United States District Court, N.D. Alabama, Southern Division

May 9, 2018

GINA KAY RAY, et al., Plaintiffs,



         This case is before the court on Defendant CHC Companies, Inc.'s (“CHC Companies”) Motion for Summary Judgment (Doc. # 636), Defendant Correct Care Solutions, LLC's (“CCS”) Motion for Summary Judgment (Doc. # 639), and Defendants CHC Companies' and CCS's Motion to Strike Plaintiffs' Supplemental Exhibits and Supplemental Briefing (Doc. # 648). The parties have fully briefed the motions (see Docs. # 637, 640, 642-43, 645-46, 648-49, 651, 653-54, 661-62), and they are ripe for decision.

         In an earlier order, the court addressed whether Defendant Judicial Correction Services, Inc. (“JCS”) was entitled to summary judgment on Plaintiffs' claims against it. (Docs. # 626 & 627). The court concluded that JCS was entitled to summary judgement on some, but not all, of those claims. Now, the court turns from questions of primary liability to whether Defendants CHC Companies and CCS, both of whom purchased ownership interest in JCS during the pendency of the probation services contract between JCS and the City of Childersburg, are liable for any of the § 1983 claims asserted by Plaintiffs against JCS. For the reasons explained below, the court concludes that they are not.

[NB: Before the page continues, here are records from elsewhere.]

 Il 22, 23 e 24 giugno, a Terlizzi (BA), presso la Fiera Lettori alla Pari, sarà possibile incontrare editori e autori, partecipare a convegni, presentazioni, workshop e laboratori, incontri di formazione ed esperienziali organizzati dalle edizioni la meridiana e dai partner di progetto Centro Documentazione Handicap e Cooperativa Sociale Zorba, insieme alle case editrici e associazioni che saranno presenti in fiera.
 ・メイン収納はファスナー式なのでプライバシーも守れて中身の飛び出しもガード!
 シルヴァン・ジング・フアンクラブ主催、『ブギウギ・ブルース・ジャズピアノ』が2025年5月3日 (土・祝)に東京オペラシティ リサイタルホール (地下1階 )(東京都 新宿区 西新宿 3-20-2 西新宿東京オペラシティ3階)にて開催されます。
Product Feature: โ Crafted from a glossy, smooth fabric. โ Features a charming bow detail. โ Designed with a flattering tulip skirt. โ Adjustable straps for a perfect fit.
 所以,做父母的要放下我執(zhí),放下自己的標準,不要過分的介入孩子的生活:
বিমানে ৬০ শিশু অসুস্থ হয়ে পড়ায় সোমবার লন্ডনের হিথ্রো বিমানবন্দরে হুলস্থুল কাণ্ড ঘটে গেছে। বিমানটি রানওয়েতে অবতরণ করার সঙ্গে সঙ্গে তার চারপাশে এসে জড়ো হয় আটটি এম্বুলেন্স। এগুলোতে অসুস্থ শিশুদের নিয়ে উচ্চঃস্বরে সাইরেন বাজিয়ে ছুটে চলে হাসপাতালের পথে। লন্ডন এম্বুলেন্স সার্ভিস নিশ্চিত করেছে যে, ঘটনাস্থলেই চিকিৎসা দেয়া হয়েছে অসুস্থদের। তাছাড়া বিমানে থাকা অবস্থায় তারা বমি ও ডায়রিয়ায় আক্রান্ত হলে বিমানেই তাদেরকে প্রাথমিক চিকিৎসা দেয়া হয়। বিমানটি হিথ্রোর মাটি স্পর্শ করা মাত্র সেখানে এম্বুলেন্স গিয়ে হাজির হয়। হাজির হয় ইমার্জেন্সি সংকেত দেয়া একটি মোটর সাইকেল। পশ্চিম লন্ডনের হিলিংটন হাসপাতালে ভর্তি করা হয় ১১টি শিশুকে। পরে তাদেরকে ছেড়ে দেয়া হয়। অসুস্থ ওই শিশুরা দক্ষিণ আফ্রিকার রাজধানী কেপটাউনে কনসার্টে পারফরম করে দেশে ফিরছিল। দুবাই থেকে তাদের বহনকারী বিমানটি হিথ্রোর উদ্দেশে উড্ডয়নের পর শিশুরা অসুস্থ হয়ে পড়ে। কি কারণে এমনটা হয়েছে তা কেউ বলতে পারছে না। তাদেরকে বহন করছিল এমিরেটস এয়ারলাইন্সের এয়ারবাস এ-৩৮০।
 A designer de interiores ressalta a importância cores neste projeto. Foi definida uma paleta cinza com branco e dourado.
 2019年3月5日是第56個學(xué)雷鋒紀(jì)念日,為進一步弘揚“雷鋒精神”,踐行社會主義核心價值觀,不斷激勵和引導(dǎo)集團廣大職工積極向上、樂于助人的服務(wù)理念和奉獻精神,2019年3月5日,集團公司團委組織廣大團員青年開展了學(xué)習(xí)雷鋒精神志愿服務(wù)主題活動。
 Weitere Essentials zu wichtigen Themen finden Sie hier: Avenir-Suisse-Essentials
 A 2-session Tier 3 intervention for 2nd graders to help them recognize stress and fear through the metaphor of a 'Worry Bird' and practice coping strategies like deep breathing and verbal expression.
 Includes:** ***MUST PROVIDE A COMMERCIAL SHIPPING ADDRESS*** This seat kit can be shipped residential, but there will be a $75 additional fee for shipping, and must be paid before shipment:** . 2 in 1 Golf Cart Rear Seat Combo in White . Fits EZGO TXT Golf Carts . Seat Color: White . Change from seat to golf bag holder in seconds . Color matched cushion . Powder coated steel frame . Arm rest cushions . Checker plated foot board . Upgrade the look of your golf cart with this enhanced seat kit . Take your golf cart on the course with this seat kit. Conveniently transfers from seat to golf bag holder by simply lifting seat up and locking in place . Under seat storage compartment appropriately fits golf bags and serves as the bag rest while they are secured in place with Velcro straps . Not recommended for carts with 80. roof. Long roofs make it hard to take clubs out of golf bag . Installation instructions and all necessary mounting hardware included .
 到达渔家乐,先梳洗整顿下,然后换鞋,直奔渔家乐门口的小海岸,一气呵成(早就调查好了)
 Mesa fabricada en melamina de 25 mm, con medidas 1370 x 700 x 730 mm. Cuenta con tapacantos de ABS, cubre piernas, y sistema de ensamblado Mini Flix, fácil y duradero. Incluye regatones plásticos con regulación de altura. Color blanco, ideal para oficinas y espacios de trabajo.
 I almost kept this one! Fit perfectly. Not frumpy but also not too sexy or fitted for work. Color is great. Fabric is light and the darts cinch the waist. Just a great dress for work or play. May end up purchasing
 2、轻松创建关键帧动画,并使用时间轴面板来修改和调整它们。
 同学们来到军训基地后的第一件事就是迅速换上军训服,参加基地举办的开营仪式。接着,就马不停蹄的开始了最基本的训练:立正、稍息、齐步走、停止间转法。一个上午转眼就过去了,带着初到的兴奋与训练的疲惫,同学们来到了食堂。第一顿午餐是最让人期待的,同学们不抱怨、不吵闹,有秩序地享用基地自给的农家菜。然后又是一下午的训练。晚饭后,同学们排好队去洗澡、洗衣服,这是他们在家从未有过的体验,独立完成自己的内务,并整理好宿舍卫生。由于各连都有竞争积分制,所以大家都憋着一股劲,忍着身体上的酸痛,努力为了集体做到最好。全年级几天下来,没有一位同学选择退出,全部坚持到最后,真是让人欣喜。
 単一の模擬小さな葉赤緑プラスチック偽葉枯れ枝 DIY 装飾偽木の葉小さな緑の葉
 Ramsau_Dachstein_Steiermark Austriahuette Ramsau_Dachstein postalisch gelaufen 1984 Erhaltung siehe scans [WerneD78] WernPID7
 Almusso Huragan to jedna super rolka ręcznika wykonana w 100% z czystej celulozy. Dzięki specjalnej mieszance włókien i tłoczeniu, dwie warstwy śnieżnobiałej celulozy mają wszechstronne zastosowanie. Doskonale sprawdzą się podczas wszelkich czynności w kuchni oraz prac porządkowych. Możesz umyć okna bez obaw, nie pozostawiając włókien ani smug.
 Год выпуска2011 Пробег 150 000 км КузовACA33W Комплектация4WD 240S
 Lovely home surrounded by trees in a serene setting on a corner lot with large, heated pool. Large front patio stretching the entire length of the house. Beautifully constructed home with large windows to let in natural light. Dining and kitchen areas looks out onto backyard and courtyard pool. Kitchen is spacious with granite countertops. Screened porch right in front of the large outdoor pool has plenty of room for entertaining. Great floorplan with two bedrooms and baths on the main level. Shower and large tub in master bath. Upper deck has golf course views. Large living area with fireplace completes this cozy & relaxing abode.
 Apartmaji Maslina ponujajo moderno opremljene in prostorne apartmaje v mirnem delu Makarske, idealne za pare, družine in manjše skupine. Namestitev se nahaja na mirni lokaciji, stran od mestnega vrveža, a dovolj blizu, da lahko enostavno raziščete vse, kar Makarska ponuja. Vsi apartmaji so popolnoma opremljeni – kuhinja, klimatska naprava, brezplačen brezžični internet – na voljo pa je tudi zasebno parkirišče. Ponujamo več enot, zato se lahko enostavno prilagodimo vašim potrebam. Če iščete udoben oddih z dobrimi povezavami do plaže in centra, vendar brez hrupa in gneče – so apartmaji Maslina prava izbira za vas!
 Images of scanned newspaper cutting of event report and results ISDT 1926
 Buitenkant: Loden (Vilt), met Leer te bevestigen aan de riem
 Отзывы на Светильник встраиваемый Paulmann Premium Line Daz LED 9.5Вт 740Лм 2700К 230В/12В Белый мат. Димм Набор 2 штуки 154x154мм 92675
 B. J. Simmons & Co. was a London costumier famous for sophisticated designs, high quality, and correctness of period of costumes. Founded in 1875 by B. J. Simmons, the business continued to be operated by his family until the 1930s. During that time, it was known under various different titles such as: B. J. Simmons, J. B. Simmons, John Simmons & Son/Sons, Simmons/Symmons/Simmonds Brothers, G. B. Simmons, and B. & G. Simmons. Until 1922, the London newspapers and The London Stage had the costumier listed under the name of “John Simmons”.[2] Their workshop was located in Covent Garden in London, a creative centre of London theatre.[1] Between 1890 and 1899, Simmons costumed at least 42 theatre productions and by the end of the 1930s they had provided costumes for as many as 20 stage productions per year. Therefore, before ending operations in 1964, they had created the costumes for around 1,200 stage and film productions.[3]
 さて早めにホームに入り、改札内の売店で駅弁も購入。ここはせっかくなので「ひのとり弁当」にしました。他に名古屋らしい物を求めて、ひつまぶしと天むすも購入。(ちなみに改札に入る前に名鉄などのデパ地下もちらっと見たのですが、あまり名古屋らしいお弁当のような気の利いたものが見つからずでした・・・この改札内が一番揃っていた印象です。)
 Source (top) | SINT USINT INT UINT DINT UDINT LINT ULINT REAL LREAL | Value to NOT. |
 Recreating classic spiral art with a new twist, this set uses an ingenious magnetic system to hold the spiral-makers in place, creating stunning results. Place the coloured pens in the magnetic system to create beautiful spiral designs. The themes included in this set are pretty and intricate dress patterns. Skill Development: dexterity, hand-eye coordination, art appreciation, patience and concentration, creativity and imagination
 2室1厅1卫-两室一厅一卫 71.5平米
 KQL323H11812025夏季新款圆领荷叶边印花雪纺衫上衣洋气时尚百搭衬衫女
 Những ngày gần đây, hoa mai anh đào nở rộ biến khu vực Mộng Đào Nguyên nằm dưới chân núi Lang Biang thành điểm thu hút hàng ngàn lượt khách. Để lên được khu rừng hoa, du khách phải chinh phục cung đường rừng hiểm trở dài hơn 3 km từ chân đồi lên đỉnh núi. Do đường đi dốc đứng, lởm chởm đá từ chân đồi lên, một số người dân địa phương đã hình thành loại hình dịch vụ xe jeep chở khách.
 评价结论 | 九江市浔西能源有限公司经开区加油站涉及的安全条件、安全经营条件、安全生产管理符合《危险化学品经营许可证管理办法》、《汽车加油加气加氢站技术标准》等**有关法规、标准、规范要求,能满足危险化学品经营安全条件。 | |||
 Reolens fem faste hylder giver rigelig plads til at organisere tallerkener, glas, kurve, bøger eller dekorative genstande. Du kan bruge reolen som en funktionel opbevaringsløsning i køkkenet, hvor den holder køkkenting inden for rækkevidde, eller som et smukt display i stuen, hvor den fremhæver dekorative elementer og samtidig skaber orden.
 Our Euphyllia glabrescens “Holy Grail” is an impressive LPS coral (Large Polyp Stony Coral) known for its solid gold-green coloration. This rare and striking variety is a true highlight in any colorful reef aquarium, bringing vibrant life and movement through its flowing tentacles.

         I. Factual Background

         The facts set out in this opinion are gleaned from the parties' submissions and the court's own examination of the evidentiary record. All reasonable doubts about the facts have been resolved in favor of the nonmoving party. See Info. Sys. & Networks Corp. v. City of Atlanta, 281 F.3d 1220, 1224 (11th Cir. 2002). These are the “facts” for summary judgment purposes only. They may not be the actual facts that could be established through live testimony at trial. See Cox v. Adm'r U.S. Steel & Carnegie Pension Fund, 17 F.3d 1386, 1400 (11th Cir. 1994).

         A. JCS's Merger with CHC Companies

         On September 30, 2011, Defendant CHC Companies purchased all of JCS's stock through a reverse subsidiary merger.[1] (Doc. # 647-1 at 8-9). Under this agreement, Judicial Merger Sub, Inc. merged with JCS, designated as the “Surviving Corporation.”[2] (Id.). JCS held “all the assets, rights, privileges, powers and franchises of” itself and the Judicial Merger Sub, along with all of their “liabilities, restrictions, disabilities, and duties.” (Id. at 9). JCS's equity holders received payouts for their interests in JCS. (See Id. at 11, 14). In the merger agreement, JCS agreed to help fund the “Indemnification Escrow Fund.” (Id. at 12). JCS disclosed all pending litigation matters against JCS, its officers, its directors, and its affiliates at the time of the merger. (See Id. at 26-27; Doc. # 647-3 at 55). Of course, this action was not listed in the litigation schedule because this action had not commenced when the merger occurred. (See Doc. # 647-3 at 55). The merger agreement contained an indemnification agreement. (Doc. # 647-2 at 13-18).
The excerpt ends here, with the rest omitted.